Engrams as the basic unit of cognition and generalization.
The first expansion to the engram theory we’ve been talking about is that of modality, in other words what about color, what about hearing/sound ? Well, the basic structure is the same :
Encoding: receptor > map > association... Decoding: association > map > representation , what’s different here is the receptor type and behavior along with what the map is encoding, so you could think about a spatial map of red things, a spatial map of sound frequencies and a spatial map of touch :
Here we have 3 stimuli and the corresponding mapping and association layers, the first stimulus a red square uses the same spatial mapping we've been using, sound is a bit harder to encode since there are time, frequency and loudness components, but to keep things simple here the map just encodes frequency, the third is a touch stimulus, run your finger over your arm hair, somewhere in your somatosensory cortex a row of neurons (the map) will become active.Of note also is the parallel nature of all these maps, the 3 stimuli can happen simultaneously.
The second and bigger complexity involves what happens to engrams later on, once we have a packet of sorts representing a stimulus, we ( the brain/the AI) can then do more interesting things like combining, creating, storing and recalling them, the map heuristic we looked at is thought to be part of higher cognitive tasks like giving complex and multimodal stimuli meaning. For AI purposes the rich association of these mapping systems and networks could help bridge the gap toward general AIs in contrast with the current rigid/narrow AIs.
A basic example of how a combination of engrams (text and images) could be combined into a richer association, since the connections here go both ways any of the stimulus presented can elicit the other associations. As for the how engrams integrate into new ideas, I'll leave you with the following quote :
“There is no such thing as a new idea. It is impossible. We simply take a lot of old ideas and put them into a sort of mental kaleidoscope. We give them a turn and they make new and curious combinations. We keep on turning and making new combinations indefinitely; but they are the same old pieces of colored glass that have been in use through all the ages.”
― Mark Twain
I hope this short overview of engrams can help you better understand them (it helped me ) and how they are related to AI and other subjects in neuroscience.
Thanks for reading !
Post Data :
Bibliography, sources - The main ideas used for this post are based on the book:
Seeing, second edition: The Computational Approach to Biological Vision By James V. Stone and John P. Frisby. Especially the early chapters.

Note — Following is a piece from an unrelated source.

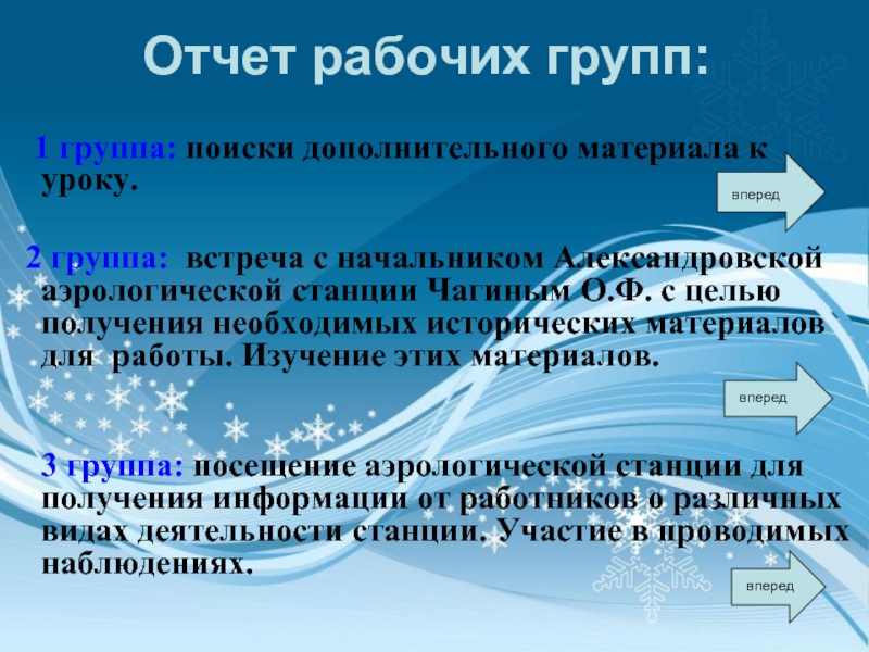 2 группа: встреча с начальником Александровской аэрологической станции Чагиным О.Ф. с целью получения необходимых исторических материалов для работы. Изучение этих материалов.
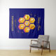 Modern SHANA TOVA Jewish New Year Tapestry designed with seasonal symbols inside hexagons to celebrate ROSH HASHANAH. At the top the greeting reads SHANA TOVA and bottom is the New Year greeting in Hebrew text. Both of these are CUSTOMIZABLE so you can create your own text, eg. add L'SHANAH TOVAH if preferred. You can also add your name or name of your organisation, making this ideal for home or public use. This modern stylish Jewish New Year Wall Hanging would make a great addition to your Rosh Hashanah celebrations. Choose from a wide selection of Rosh Hashanah cards, home decor and gifts designed by Berean Designs. Also in blue.

The ideas of hierarchical maps though can be found in nearly every Neuroscience book, Networks of the Brain ( Sporns ) goes deeper into the subject and can be paired with Rhythms of the brain ( Buzsáki ) to incorporate time/dynamics. For the rest I’d point you to my ever growing Neuroscience/AI book recommendations :
Code: The code used throughout was done as fast prototypes rather than production code and so at this point I am not comfortable releasing it, but it is mostly Python + OpenCV + PySimpleGUI. If you are trying to recreate something here and get stuck let me know. There’s considerable overlap with the current ML, ANNs; specially in concepts like segmentation and convolutions but since these are focused on solving specific problems and have taken a life of their own, I think we are better starting from scratch.